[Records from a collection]
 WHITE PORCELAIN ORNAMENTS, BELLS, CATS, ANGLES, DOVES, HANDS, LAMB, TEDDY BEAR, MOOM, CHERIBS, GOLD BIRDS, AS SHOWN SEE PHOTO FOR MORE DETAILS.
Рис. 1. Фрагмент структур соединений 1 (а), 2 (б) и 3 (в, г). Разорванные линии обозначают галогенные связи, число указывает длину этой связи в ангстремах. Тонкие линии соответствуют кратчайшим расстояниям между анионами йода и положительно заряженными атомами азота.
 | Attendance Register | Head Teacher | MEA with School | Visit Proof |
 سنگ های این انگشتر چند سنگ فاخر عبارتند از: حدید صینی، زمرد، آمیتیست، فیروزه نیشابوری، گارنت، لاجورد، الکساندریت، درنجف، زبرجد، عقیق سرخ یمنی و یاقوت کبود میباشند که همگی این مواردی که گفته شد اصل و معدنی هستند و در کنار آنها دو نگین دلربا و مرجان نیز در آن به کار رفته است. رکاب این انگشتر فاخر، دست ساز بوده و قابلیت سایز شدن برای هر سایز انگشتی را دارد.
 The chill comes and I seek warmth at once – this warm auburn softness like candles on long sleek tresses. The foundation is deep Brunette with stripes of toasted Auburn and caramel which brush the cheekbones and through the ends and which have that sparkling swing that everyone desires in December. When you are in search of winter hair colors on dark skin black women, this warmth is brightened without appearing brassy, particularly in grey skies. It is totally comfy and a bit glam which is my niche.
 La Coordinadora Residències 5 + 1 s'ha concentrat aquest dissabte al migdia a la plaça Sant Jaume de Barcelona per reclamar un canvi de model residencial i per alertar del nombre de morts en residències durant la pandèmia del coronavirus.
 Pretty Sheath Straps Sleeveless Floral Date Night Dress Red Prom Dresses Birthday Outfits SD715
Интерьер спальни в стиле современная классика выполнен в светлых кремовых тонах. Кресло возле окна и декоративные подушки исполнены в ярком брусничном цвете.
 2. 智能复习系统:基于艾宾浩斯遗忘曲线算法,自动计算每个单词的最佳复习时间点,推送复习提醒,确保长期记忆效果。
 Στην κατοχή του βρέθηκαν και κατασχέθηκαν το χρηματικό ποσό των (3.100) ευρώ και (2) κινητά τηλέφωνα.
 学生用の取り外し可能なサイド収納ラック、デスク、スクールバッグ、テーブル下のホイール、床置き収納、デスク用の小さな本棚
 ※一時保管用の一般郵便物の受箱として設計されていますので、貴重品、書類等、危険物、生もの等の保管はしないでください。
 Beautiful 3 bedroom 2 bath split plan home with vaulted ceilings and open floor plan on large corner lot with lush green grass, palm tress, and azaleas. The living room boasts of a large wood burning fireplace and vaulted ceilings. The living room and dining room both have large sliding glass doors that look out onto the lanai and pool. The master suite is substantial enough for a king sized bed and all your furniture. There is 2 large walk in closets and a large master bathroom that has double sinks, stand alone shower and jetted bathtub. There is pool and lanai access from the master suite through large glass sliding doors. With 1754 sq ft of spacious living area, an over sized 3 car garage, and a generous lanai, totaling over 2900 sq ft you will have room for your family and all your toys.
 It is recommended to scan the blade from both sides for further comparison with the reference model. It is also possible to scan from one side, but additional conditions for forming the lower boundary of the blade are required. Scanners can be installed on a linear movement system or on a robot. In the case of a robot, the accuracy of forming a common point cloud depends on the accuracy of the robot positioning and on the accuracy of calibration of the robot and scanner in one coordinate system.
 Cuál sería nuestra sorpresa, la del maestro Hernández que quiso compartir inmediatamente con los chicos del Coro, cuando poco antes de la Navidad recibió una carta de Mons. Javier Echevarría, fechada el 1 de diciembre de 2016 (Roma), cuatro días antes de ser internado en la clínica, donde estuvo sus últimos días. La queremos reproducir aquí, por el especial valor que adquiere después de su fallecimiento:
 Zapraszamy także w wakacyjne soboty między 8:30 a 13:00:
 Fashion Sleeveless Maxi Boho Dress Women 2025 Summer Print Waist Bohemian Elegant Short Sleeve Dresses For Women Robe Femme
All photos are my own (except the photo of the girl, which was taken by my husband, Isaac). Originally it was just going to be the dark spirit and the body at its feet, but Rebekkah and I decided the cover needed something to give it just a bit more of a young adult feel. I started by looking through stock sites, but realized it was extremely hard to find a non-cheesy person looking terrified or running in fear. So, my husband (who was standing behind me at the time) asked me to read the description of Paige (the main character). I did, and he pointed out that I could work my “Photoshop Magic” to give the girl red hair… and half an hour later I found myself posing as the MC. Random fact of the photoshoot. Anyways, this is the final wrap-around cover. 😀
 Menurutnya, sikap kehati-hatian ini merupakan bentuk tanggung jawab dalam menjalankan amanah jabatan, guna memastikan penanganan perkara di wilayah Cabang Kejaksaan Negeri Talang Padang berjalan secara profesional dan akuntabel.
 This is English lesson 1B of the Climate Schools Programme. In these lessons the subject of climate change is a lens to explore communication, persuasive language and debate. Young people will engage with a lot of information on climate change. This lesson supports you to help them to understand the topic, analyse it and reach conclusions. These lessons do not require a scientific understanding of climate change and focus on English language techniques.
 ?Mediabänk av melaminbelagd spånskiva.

**What you are asked to do:** Look for the string "Dress" in the records, and copy every line where it is found.

**The answer:**
 Pretty Sheath Straps Sleeveless Floral Date Night Dress Red Prom Dresses Birthday Outfits SD715
 Fashion Sleeveless Maxi Boho Dress Women 2025 Summer Print Waist Bohemian Elegant Short Sleeve Dresses For Women Robe Femme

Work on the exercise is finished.